Why should staff foot bill for NI rise at these companies?

This shows more than 60% of Scottish businesses have adjusted their operations because of the rise in employers' national insurance.
Detailing the nature of these adjustments, Fraser of Allander observed that 'many' businesses were 'adapting to this through a combination of strategies: cutting back on hiring or cancelling increases in their workforce, adding the extra costs on to prices, and reducing employee benefits and compensation packages'.
These are grim effects, particularly those actions relating to staff and potential employees.
And, when Chancellor Rachel Reeves hiked employers' national insurance contributions in the incoming Labour Government's first Budget on October 30 last year with the aim of raising £25 billion a year, you would imagine this was not the response for which she was hoping.

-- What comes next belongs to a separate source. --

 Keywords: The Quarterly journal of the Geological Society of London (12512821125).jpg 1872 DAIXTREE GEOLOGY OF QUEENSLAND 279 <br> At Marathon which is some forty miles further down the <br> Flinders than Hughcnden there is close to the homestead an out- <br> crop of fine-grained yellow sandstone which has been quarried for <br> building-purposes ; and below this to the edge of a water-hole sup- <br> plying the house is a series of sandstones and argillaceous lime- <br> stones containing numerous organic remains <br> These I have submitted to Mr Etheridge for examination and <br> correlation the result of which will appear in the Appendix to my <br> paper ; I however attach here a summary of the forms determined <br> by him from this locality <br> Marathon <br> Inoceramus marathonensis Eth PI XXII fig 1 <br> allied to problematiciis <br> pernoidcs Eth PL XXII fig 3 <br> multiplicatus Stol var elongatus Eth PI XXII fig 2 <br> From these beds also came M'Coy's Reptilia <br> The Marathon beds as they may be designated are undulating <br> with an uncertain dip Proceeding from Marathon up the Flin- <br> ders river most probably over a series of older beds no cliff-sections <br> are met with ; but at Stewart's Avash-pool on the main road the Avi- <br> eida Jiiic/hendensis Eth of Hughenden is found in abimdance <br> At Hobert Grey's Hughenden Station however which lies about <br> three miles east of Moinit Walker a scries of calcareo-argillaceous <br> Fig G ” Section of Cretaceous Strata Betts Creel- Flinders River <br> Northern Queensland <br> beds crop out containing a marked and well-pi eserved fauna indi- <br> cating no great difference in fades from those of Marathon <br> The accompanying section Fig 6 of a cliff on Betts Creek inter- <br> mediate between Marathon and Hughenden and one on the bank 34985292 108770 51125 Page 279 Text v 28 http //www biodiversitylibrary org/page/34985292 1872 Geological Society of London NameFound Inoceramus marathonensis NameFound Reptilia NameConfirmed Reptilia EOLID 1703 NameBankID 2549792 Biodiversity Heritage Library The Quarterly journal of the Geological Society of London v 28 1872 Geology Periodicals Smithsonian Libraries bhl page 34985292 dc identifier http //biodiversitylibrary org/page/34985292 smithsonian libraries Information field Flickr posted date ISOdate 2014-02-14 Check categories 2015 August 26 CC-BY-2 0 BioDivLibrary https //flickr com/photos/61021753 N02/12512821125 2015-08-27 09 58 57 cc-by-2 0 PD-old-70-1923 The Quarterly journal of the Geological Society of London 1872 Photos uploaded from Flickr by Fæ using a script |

What is more, the huge reaction that has been seen so far from businesses looks to be far from the end of the matter.
Fraser of Allander's survey of more than 300 businesses - for the second quarter - found nearly 40% expect to make more adjustments down the road in response to the rise in employers' national insurance.

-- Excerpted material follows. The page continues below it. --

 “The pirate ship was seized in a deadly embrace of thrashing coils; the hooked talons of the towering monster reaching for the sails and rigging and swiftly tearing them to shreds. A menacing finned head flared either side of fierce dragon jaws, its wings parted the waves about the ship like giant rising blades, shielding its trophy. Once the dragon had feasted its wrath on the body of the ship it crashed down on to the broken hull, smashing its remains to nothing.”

Sanjam Suri, knowledge exchange fellow at Fraser of Allander, said: 'While most businesses have adjusted to changes in NICs (national insurance contributions), nearly 40% of firms plan on making more adjustments, suggesting that the full impact of these changes [is] yet to materialise.'
And Fraser of Allander observed: 'Changes to employer national insurance contributions, announced in the autumn 2024 UK Government Budget, kicked in at the beginning of Q2 and have significantly impacted business planning.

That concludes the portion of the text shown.